- Opening Delimiter -

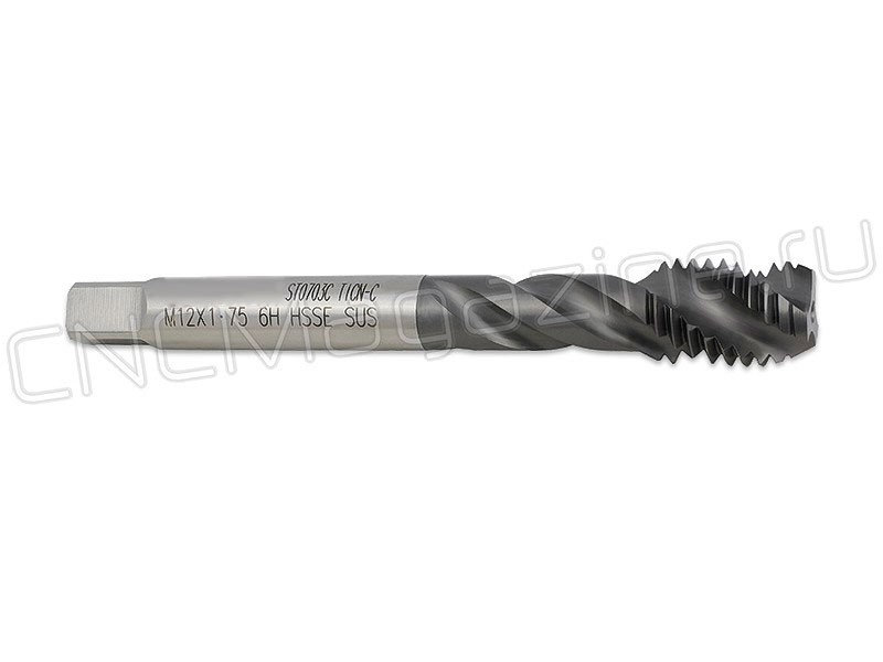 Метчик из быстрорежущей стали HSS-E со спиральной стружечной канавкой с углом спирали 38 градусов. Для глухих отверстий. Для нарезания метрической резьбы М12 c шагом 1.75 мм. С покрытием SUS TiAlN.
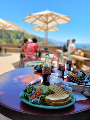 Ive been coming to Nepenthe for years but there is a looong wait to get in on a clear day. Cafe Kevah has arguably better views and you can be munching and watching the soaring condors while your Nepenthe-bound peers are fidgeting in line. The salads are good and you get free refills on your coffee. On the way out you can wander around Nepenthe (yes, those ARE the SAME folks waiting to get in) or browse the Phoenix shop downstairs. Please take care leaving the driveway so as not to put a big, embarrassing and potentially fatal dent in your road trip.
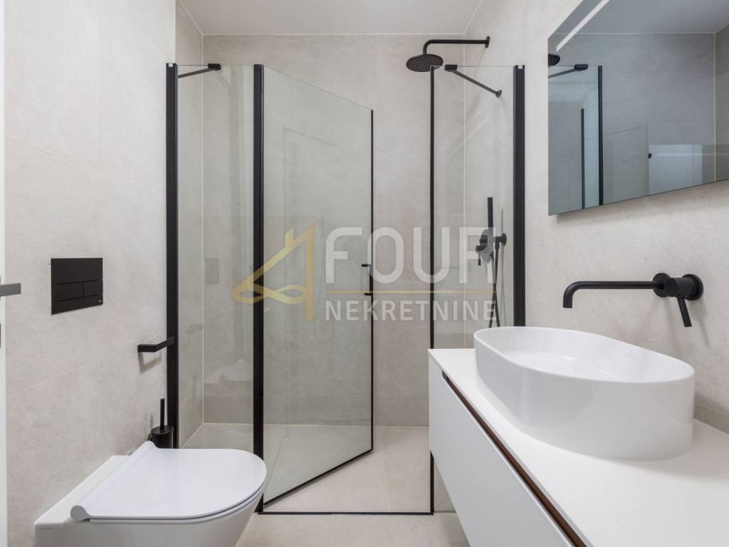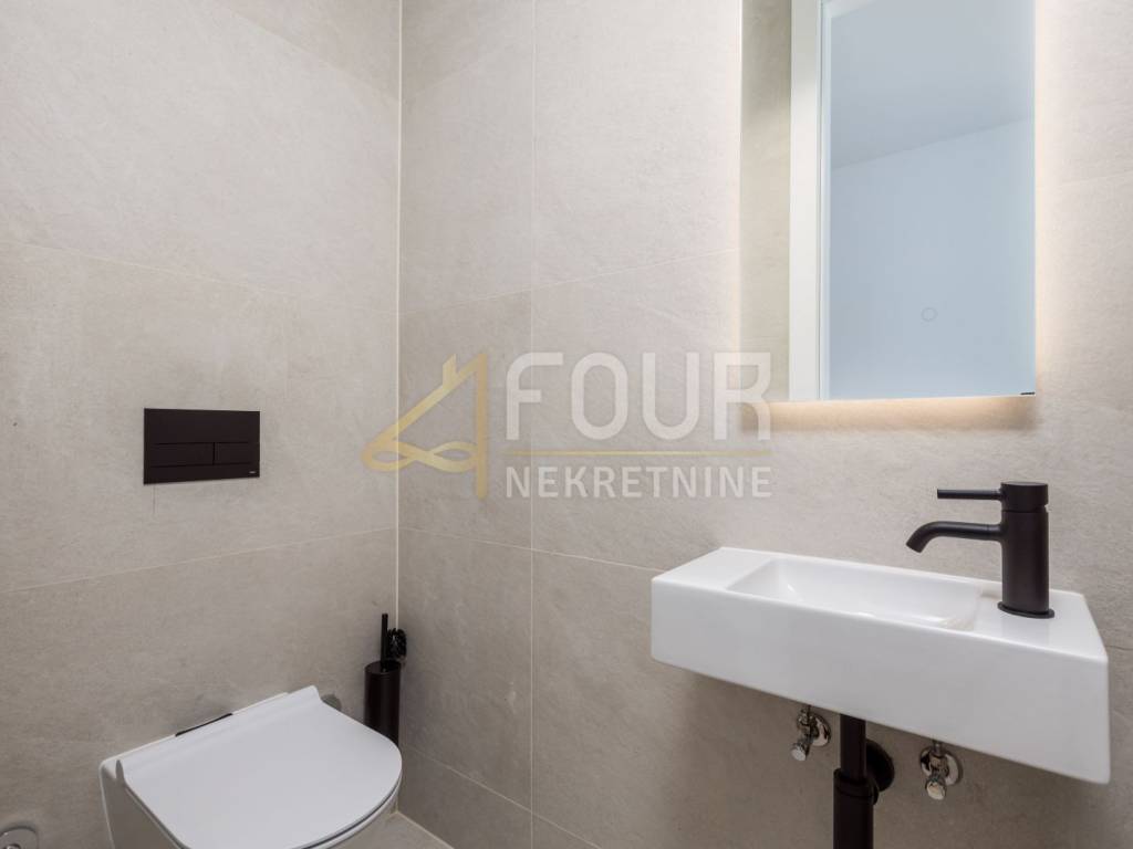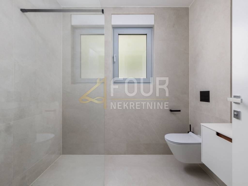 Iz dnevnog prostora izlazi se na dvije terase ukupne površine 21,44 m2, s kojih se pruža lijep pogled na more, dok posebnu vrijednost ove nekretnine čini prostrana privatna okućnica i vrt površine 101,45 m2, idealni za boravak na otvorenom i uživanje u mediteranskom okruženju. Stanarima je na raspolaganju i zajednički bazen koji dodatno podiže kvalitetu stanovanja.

- Closing Delimiter -

Please extract exactly the lines of the data, from the first through the line containing "Ive been coming", and add no pictures to the copy.

 Метчик из быстрорежущей стали HSS-E со спиральной стружечной канавкой с углом спирали 38 градусов. Для глухих отверстий. Для нарезания метрической резьбы М12 c шагом 1.75 мм. С покрытием SUS TiAlN.
 Ive been coming to Nepenthe for years but there is a looong wait to get in on a clear day. Cafe Kevah has arguably better views and you can be munching and watching the soaring condors while your Nepenthe-bound peers are fidgeting in line. The salads are good and you get free refills on your coffee. On the way out you can wander around Nepenthe (yes, those ARE the SAME folks waiting to get in) or browse the Phoenix shop downstairs. Please take care leaving the driveway so as not to put a big, embarrassing and potentially fatal dent in your road trip.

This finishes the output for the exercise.